Dec. 2020 Delaware Mails Unclaimed Property Audit Notices

MarketSphere Unclaimed Property Specialists has learned that the state of Delaware’s Department of Finance recently mailed unclaimed property audit notices to US corporations incorporated in Delaware. The audit notices target those holders who did not enroll in the Delaware Secretary of State’s Voluntary Disclosure Agreement (VDA) Program within the 60 days of receiving an invitation letter to participate. The invitation letters put the holder on notice that the state believes the holder to be out of compliance with Delaware’s unclaimed property law and invites them to participate in the VDA Program to bring them into compliance. If the holder does not enroll in the VDA Program within 60 days, they are referred for audit.

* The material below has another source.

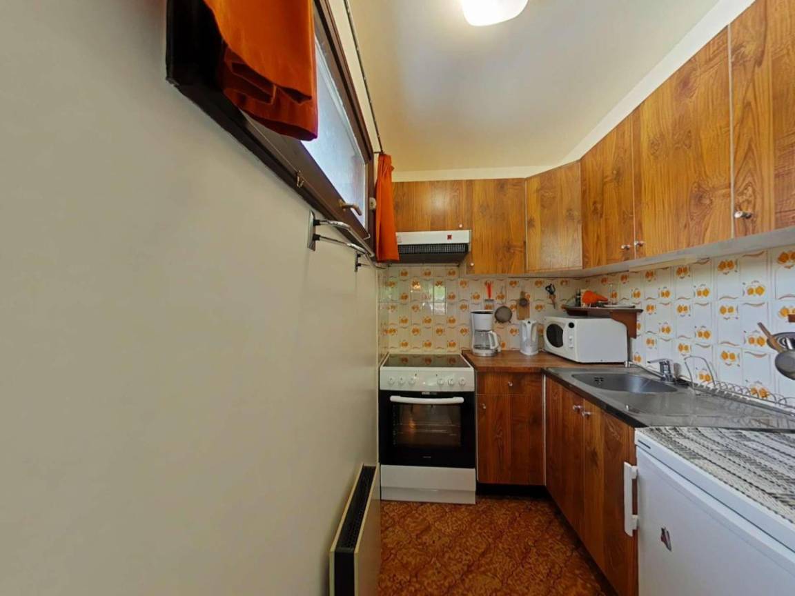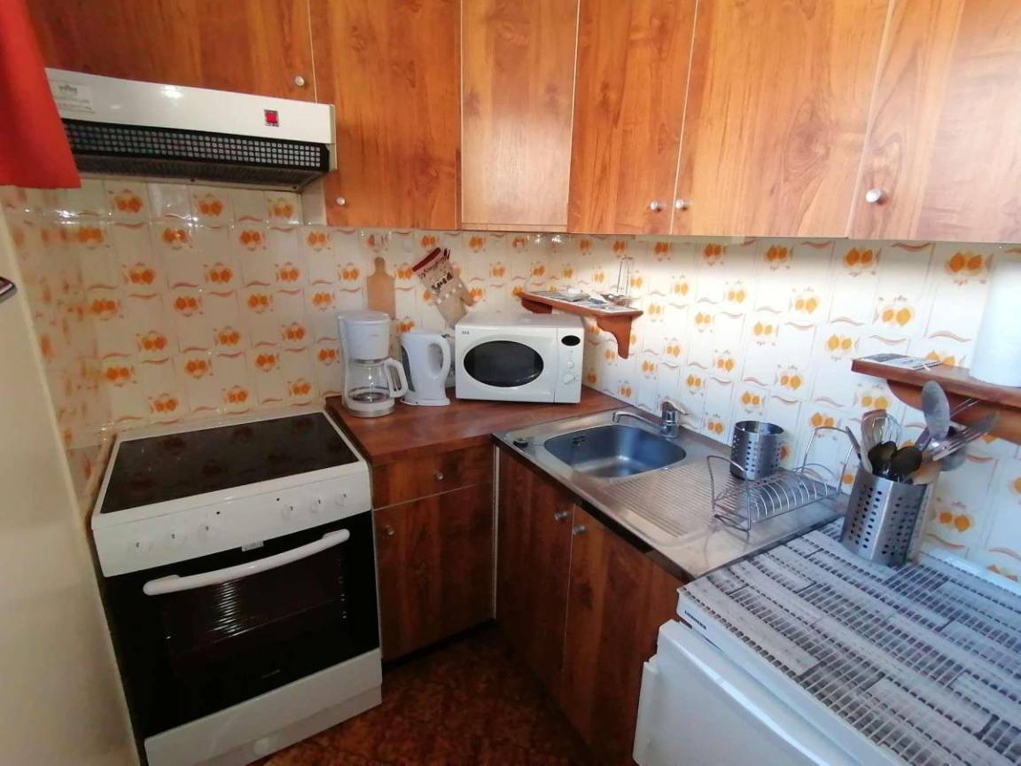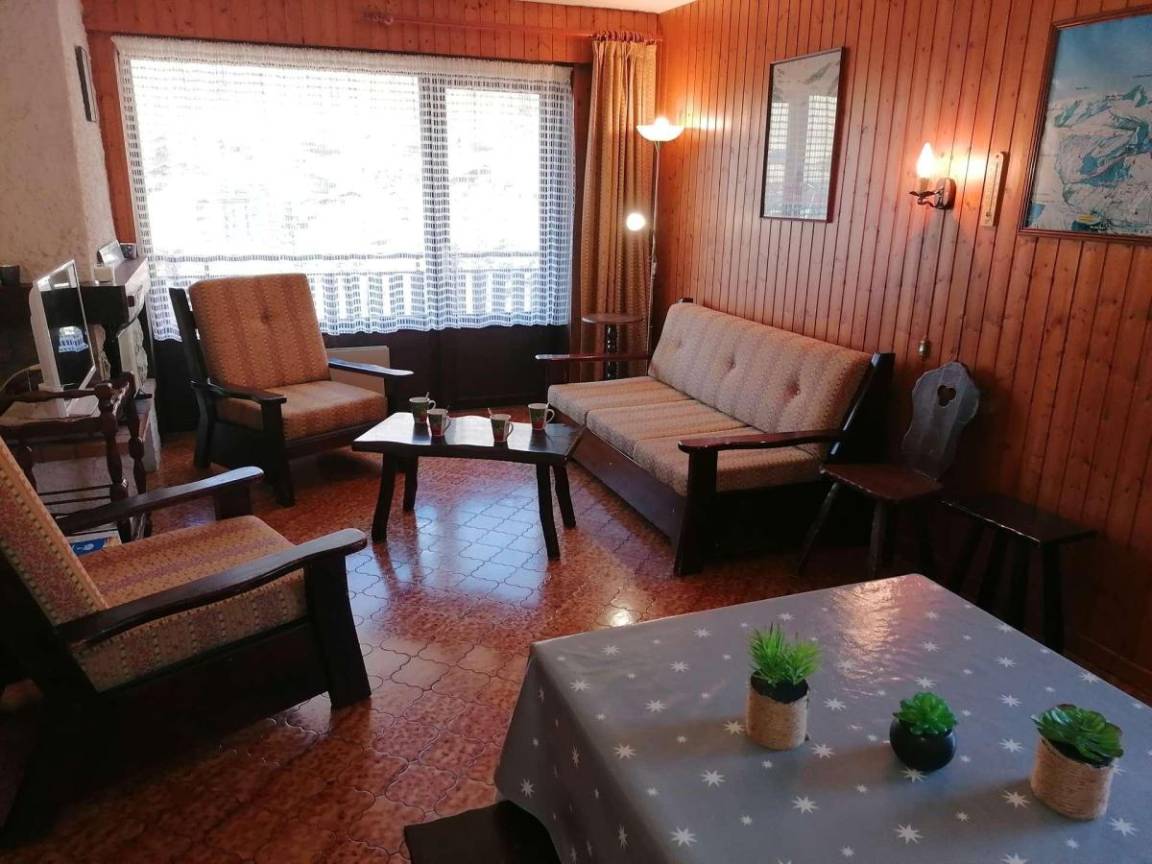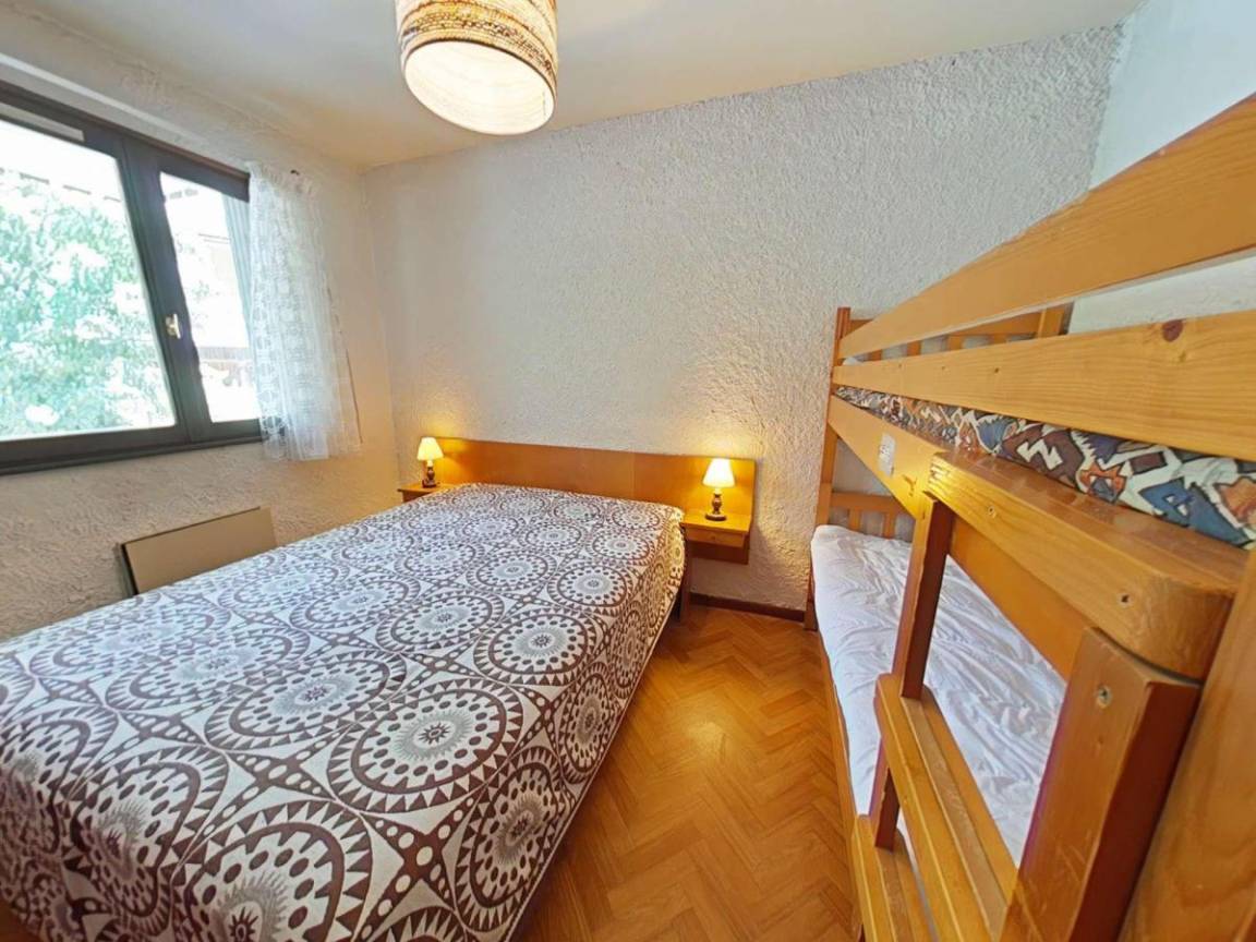 Fläche von ungefähr 45 m². Erdgeschoss. Orientierung : Nord, West. Blick dorf. Wohnzimmer mit , Klappschlafcouch. Schlafzimmer mit Doppelbett (140*190), 2 Stockbetten (70*1910). Kochnische mit Wasserkocher, Kaffeemaschine (à filtre), Backofen, Mikrowellenherd, 2 Glaskeramikkochfelder, Kühlschrank (100 litres). Badezimmer mit Badewanne, Haartrockner. separates WC. Die oberen Betten sind nicht für Kinder unter 6 Jahren geeignet.

Corporations both large and small, public, or private can receive a VDA invitation. Under Delaware law, the state cannot initiate a new unclaimed property examination (audit) without first notifying the company that it may enter into the VDA Program (12 De. C. Ch. 11, section §1172). The invitations put the company on notice that if the holder does not enroll in the VDA program within 60 days of the date of the letter, the company will be referred for audit. The Secretary of State mailed approximately 200 invitations in August. Companies who did not enroll in the VDA Program within the 60-day period, may already have, or will soon receive audit notices from the Department of Finance.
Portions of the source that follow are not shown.